Notice that the scalable module is now the aggregation switch along with a set number of blade chassis. This is because the aggregation switch has a limit to the number of slots that can be used for blade chassis. In addition, line cards used to support blade server uplinks now receive aggregate server traffic, thus requiring less oversubscription. This leads to fewer ports used per line card. So, the total number of blade servers is limited somewhat by the slot and port density. Even though this design alternative is likely to support hundreds of blade servers and satisfy the requirements for a fast-growing server farm environment, you must have a plan for what to do if you need to increase your server farm beyond what the current design supports. Figure 4-24 shows this alternative.
Figure 4-24 Core Layer Within the Data Center
Figure 4-24 introduces a new layer in the Data Center: the core layer. The core layer is used to aggregate as many server blade modules as needed, but the number is limited to the port and slot capacity to the aggregation switches. The pass-through option might not require as much planning because the blade chassis do not have redundant Ethernet switches. The uplinks are connected to the access layer, which is equivalent to current designs in which servers are dual-homed to a redundant set of access switches.
Setting aside the connectivity, port density, slot density, and scalability considerations, other areas, such as oversubscription, uplink capacity, and service deployment options, might require design and testing before the Data Center architecture is established.
Additional trends include the dual-homing of servers, the migration from Fast Ethernet to Gigabit Ethernet, application firewalls, and the use of transparent network service devices. Application firewalls are firewalls that are more in tune with application behavior than ordinary firewalls, thus making the firewalling process more granular to application information in addition to just network or transport layer information. For instance, an application firewall might be capable of identifying not only that a packet is TCP and that the information in the TCP payload is HTTP, but also that the request comes from a specific high-priority user and is a SQL request for sensitive payroll information, which requires a higher security service level.

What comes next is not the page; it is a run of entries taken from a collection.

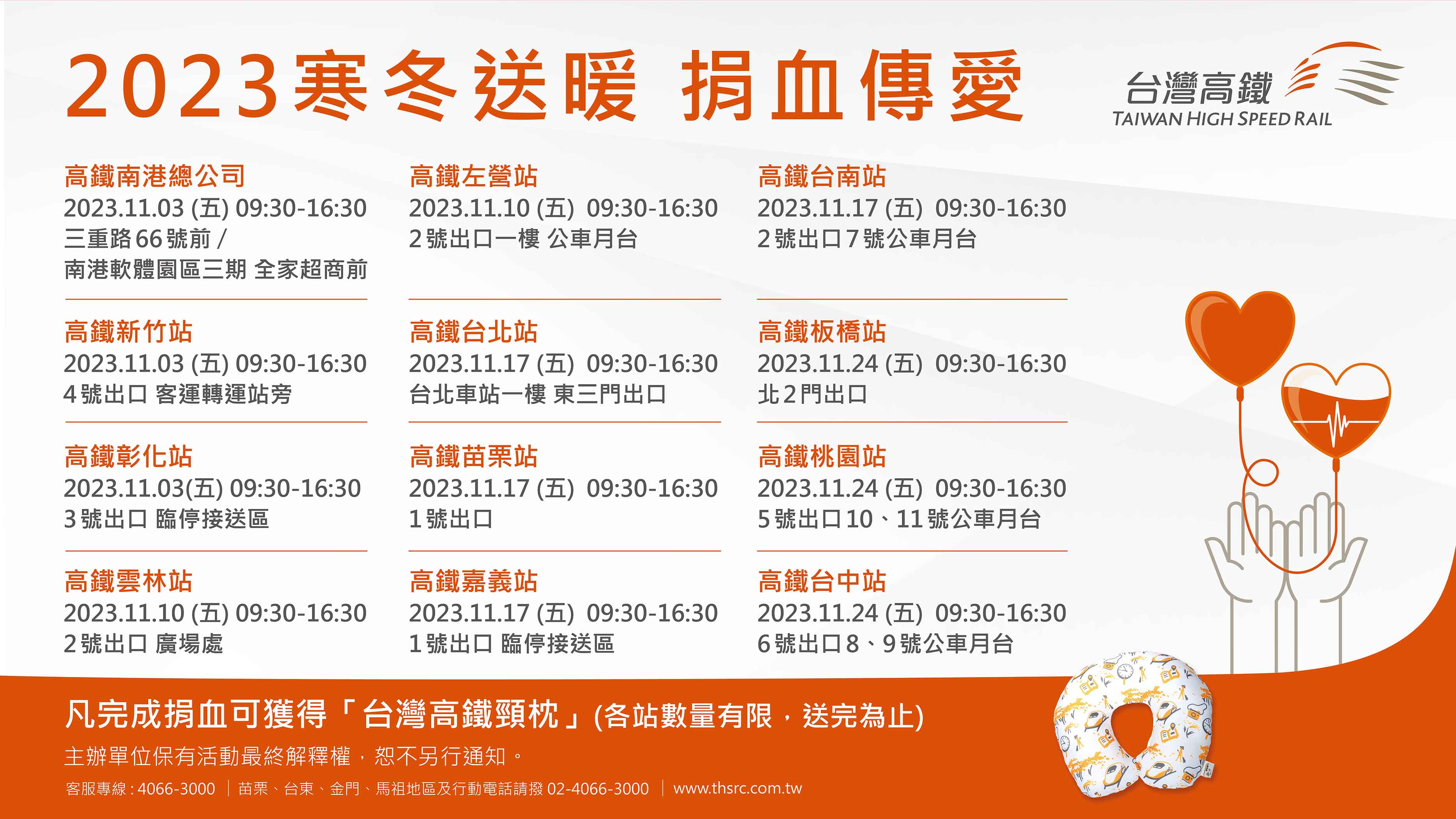 台灣高鐵公司自2012年開始舉辦「寒冬送暖 捐血傳愛」公益活動,即將邁入第12個年頭,累計吸引超過17,000位捐血人參與,共募得22,743袋熱血。為了將這份愛延續下去,台灣高鐵公司將自11月3日起至11月24日止,每逢週五分別於高鐵南港總公司及沿線11個車站(各站舉辦日期、地點,詳附表),再度溫馨啟動捐血活動。
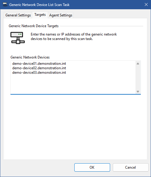 XIA Configuration ClientScan TasksGeneric Network DeviceGeneric Network Device List Scan Task Targets Generic Network Devices The IP addresses, NetBIOS names, or fully qualified domain names of the generic network devices to scan, one per line.
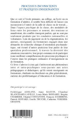 Dans l'espace psychique de la classe, des modalités de liens entre les personnes se nouent, des tensions se manifestent, des conflits émergent parfois qui ne sont pas seulement produits par des conduites rationnelles et volontaires. Une démarche de recherche clinique d'orientation psychanalytique a été engagée à partir du quotidien professionnel pour parvenir à une meilleure compréhension des processus psychiques à l'oeuvre dans les pratiques ordinaires d'enseignement.
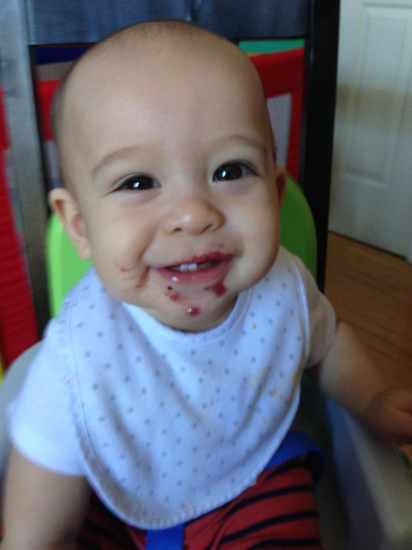 Feb 3 (7m15d) – Do you see your two bottom teeth? Awww!
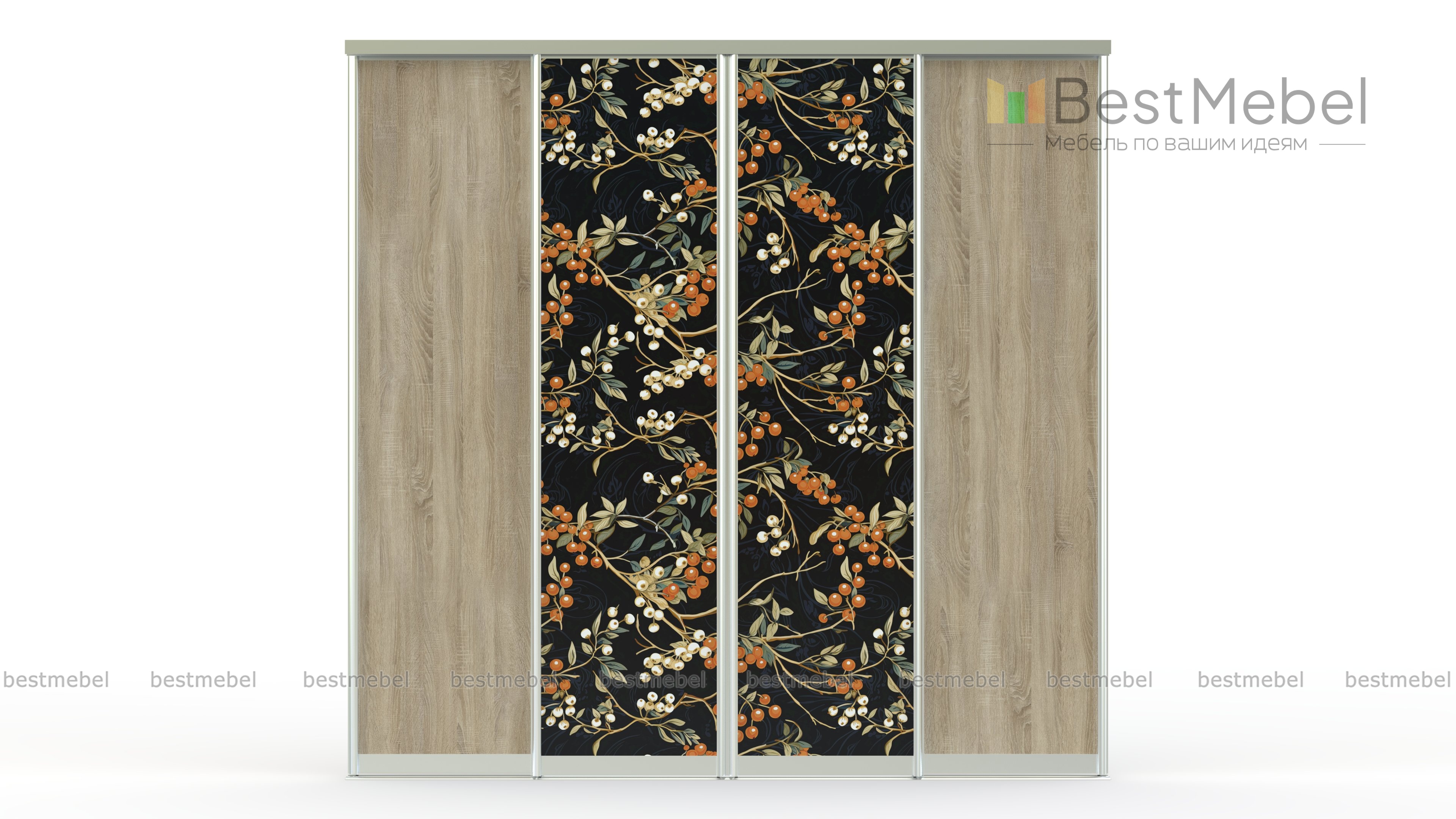 Двери-купе Берн 1 BMS превратят гардеробную в настоящее украшение интерьера. Готовый четырехдверный фасад объединил две створки из ЛДСП в светлых древесных тонах и две с оригинальной цветочной фотопечатью. Прочные благодаря рамам из профиля в оттенке серебро, раздвижные двери комфортны и надежны в эксплуатации, а также значительно экономят полезную площадь комнаты. Купить двери-купе Берн 1 BMS вы сможете в нашем интернет-магазине, подобрав цвет и рисунок по каталогу.

Transparent network services include firewalling, load balancing, SSL offloading, and so on. These services are provided by network devices with minimal interoperability issues that leave the existing designs unchanged. These transparent services could apply to traditional network services such as load balancing and firewalling, yet they are implemented to minimize disruption and changes in the application environment. This approach might include using physical devices as if they were distinct logical entities providing services to different server farms concurrently. This implies that the administration of those services, such as configuration changes or troubleshooting efforts, is isolated to the specific logical service. Think of it as a single physical firewall that is deployed to support many server farms concurrently where access to the CLI and configuration commands is available only to users who have been granted access to the specific server farm firewall service. This would appear to the user as a completely separate firewall.
Some of these trends are ongoing, and some are barely starting. Some will require special design and architectural considerations, and some will be adopted seamlessly. Others will not exist long enough for concern.